→ **Task directions**: Without the images, write out the entries word for word.
-- Supplied material follows --
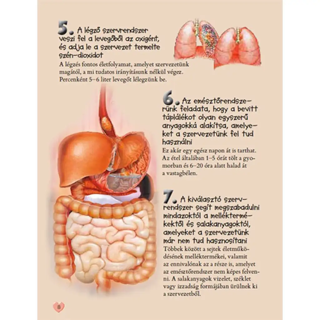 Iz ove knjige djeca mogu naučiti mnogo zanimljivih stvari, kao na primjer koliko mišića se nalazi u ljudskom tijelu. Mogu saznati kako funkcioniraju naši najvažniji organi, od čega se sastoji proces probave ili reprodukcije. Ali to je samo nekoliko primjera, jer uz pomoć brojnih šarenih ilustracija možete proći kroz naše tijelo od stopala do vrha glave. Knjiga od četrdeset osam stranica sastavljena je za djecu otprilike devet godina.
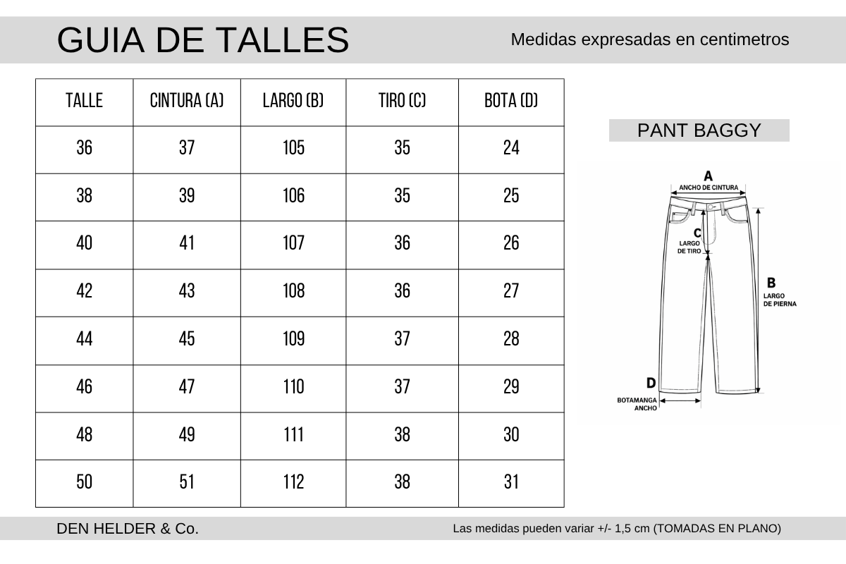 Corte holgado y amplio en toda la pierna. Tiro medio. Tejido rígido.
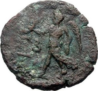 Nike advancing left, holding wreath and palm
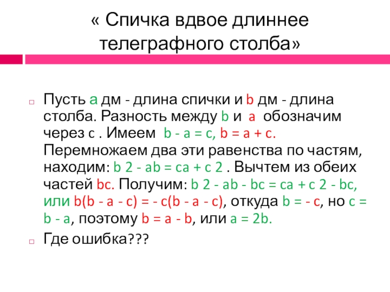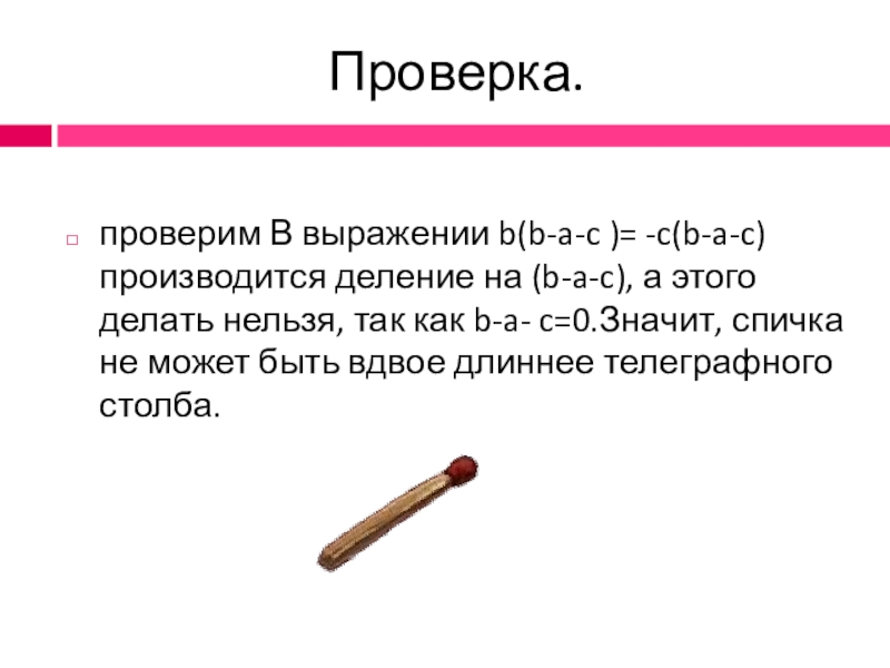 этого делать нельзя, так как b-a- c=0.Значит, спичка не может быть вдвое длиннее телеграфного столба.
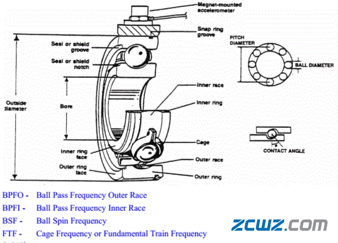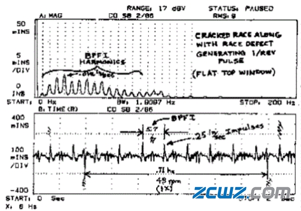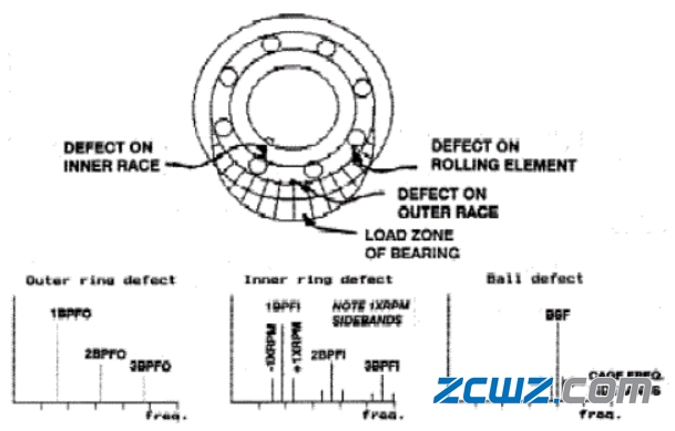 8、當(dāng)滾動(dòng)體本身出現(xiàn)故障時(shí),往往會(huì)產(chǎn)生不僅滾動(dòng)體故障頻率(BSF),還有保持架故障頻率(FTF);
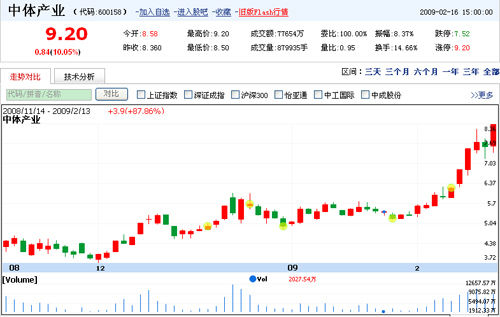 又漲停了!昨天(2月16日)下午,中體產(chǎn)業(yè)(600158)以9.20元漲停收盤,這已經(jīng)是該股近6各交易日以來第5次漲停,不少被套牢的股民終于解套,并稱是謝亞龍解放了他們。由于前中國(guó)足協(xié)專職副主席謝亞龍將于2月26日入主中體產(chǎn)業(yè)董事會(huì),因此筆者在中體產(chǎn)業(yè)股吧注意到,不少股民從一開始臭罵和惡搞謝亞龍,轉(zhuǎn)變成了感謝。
-- Supplied material concluded --
→ **Solution to this task**:
 Iz ove knjige djeca mogu naučiti mnogo zanimljivih stvari, kao na primjer koliko mišića se nalazi u ljudskom tijelu. Mogu saznati kako funkcioniraju naši najvažniji organi, od čega se sastoji proces probave ili reprodukcije. Ali to je samo nekoliko primjera, jer uz pomoć brojnih šarenih ilustracija možete proći kroz naše tijelo od stopala do vrha glave. Knjiga od četrdeset osam stranica sastavljena je za djecu otprilike devet godina.
 Corte holgado y amplio en toda la pierna. Tiro medio. Tejido rígido.
 Nike advancing left, holding wreath and palm
 этого делать нельзя, так как b-a- c=0.Значит, спичка не может быть вдвое длиннее телеграфного столба.
 8、當(dāng)滾動(dòng)體本身出現(xiàn)故障時(shí),往往會(huì)產(chǎn)生不僅滾動(dòng)體故障頻率(BSF),還有保持架故障頻率(FTF);
 又漲停了!昨天(2月16日)下午,中體產(chǎn)業(yè)(600158)以9.20元漲停收盤,這已經(jīng)是該股近6各交易日以來第5次漲停,不少被套牢的股民終于解套,并稱是謝亞龍解放了他們。由于前中國(guó)足協(xié)專職副主席謝亞龍將于2月26日入主中體產(chǎn)業(yè)董事會(huì),因此筆者在中體產(chǎn)業(yè)股吧注意到,不少股民從一開始臭罵和惡搞謝亞龍,轉(zhuǎn)變成了感謝。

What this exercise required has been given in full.